Front. Digit. Health, 13 May 2022
Sec. Personalized Medicine
This article is part of the Research Topic Education and Learning for Digital Health View all 5 articles

The Desire of Medical Students to Integrate Artificial Intelligence Into Medical Education: An Opinion Article

  • 1Boonshoft School of Medicine at Wright State University, Dayton, OH, United States
  • 2Ohio University College of Osteopathic Medicine, Columbus, OH, United States


Medicine is at the precipice of change. The advancement of artificial intelligence (AI) and machine learning (ML) algorithms are reshaping the way physicians and healthcare providers approach the practice of medicine. In recent years, AI has rapidly evolved into applicable medical technology geared for clinical practice. These systems are now processing increasing amounts of complex data, improving the viability of wearable biometric devices, optimizing the use of diagnostic algorithms, and utilizing pattern recognition within large datasets such as electronic health records (EHR) (14). The sheer speed and efficiency of these systems has the potential to outperform physicians in specified tasks, which could allow more time for physicians to do other important work, such as engaging with patients in deliberate counseling and education, as well as addressing health inequities domestically and abroad.
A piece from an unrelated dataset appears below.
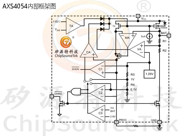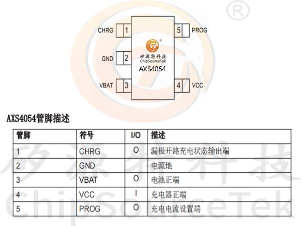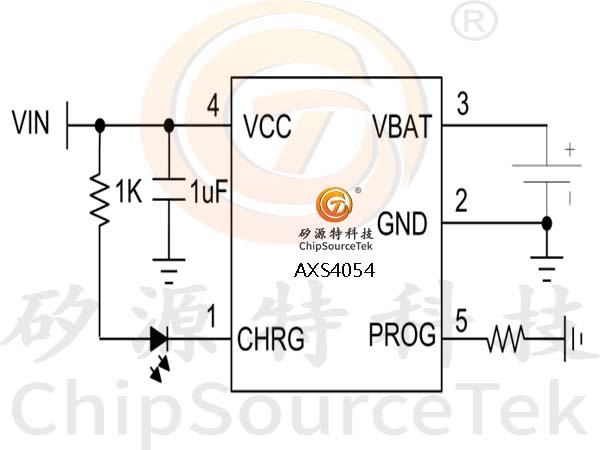 The AXS4054 is a single lithium-ion battery constant current/constant voltage linear charger with a simple external application circuit ideal for portable device applications, suitable for USB power supply and adapter power supply operation, internal with anti-reverse charging circuit, no need for external isolation diodes. The thermal feedback automatically adjusts the charging current to limit the chip temperature under high-power operation or high ambient temperature conditions.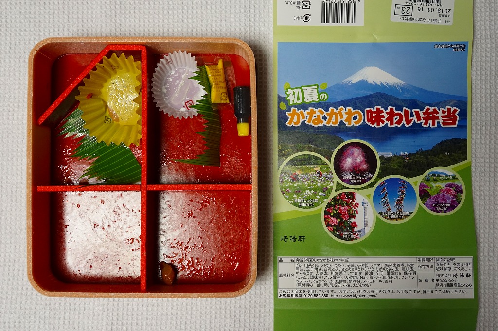 横浜駅弁「かながわ味わい弁当」で3シーズン目の「初夏」版で、2018(平成30)年4月16日から6月15日までの販売で、やはり神奈川県とのタイアップ企画。掛紙の5つの円写真に「山下公園のバラ園(横浜市)」「あじさいの里(開成町)」が登場。

As with many innovations, there has been resistance from physicians and healthcare workers with the expansion of AI technologies. The lack of comprehension, the potential administrative load, the lack of a legal framework, and the fear of job security have all contributed to this opposition (58). Regardless of the current divide on the perception and utility of AI, we believe its adoption in clinical practice is inevitable due to the incentives of the healthcare business sector and the improvements it will provide in patient care. Technology giants including Google and IBM are investing in AI technology for mining medical records (9). Additionally, start-ups such as Enlitic are using deep-learning (DL) algorithms to interpret medical images significantly faster than the average radiologist, providing radiologists with the ability to accomplish other tasks and evolve their roles to enhance patient care (9). AI's integration within medicine is unavoidable given that big-business and start-ups alike are developing technologies enabling more effective and efficient medical care. Therefore, it is imperative for the medical community to become leaders by guiding the integration of AI, ensuring these technologies enhance health outcomes and provide a more equitable distribution of patient care. As outlined in this manuscript, we believe the best place for this change to begin is within medical schools. Members of our team have prior experience in precision medicine, drug discovery, diagnostics, and hospital administration, which we use to provide a unique perspective on how AI will be integrated into the medical profession. As future physicians, our team calls for the integration of AI curriculum within medical education.

The Current Landscape

Precision Medicine

Precision medicine offers future clinicians an opportunity to implement new and innovative strategies to deliver healthcare. One member of our team worked with AI systems that created a therapeutic and personalized regimen for cancer patients. In this setting, computers were trained how to analyze pathology reports, progress notes, and relevant clinical data to develop a unique patient profile. The trained AI algorithm would then utilize this profile, which includes the patient's type of cancer as well as where they are in treatment to match the individual to an optimized clinical trial. Moreover, the system allowed doctors to identify patients with similar profiles to the patient being treated, allowing oncologists to have a better understanding of what options were available in different healthcare networks. These technologies also empower patients by affording them more control over their own treatments and providing more personalized care. Ultimately, the challenge of this approach and data aggregation at this scale is mainly limited by the vast amount of processing power required for its execution. Nevertheless, these procedures, as well as the ecosystems built around AI and precision medicine, are beginning to have real world clinical outcomes (1012). Thus, it is important for medical students to become more familiar with AI systems because of its expanding foundation in the implementation of precision medicine.

Drug Discovery

Precision medicine utilizing AI may offer a solution to another growing challenge facing clinicians: therapy-resistant patients. One novel way clinicians can combat these resistant patient populations is through the development of in-house drug screening programs for patient-specific therapeutic discovery. High-content screening has been a staple in the pharmaceutical industry, but its real-time implementation for drug discovery is relatively new due to faster computational processing and AI technologies. High-content screening that is high-throughput allows researchers to investigate phenotypic patterns at a cellular level with increasingly large feature sets that capture hundreds to thousands of cellular characteristics across, potentially, millions of cells (13). This necessitates the use of AI algorithms to allow future clinicians to screen therapy-resistant patients and compare them to FDA approved drugs as well as orphaned agents. Recently, a team from the University of Michigan was able to screen COVID-19 infected cells against every FDA approved drug and natural product libraries to uncover existing therapeutics that could be utilized in clinics to treat COVID infected patients awaiting vaccines (14). While this strategy may not be a panacea for every patient's disease, it certainly offers a chance to enrich the lives and outcome for patients. Consequently, as AI continues to enhance high-content screenings, physicians will need a better understanding of these technologies in order to make better clinical recommendations and improve their decision-making.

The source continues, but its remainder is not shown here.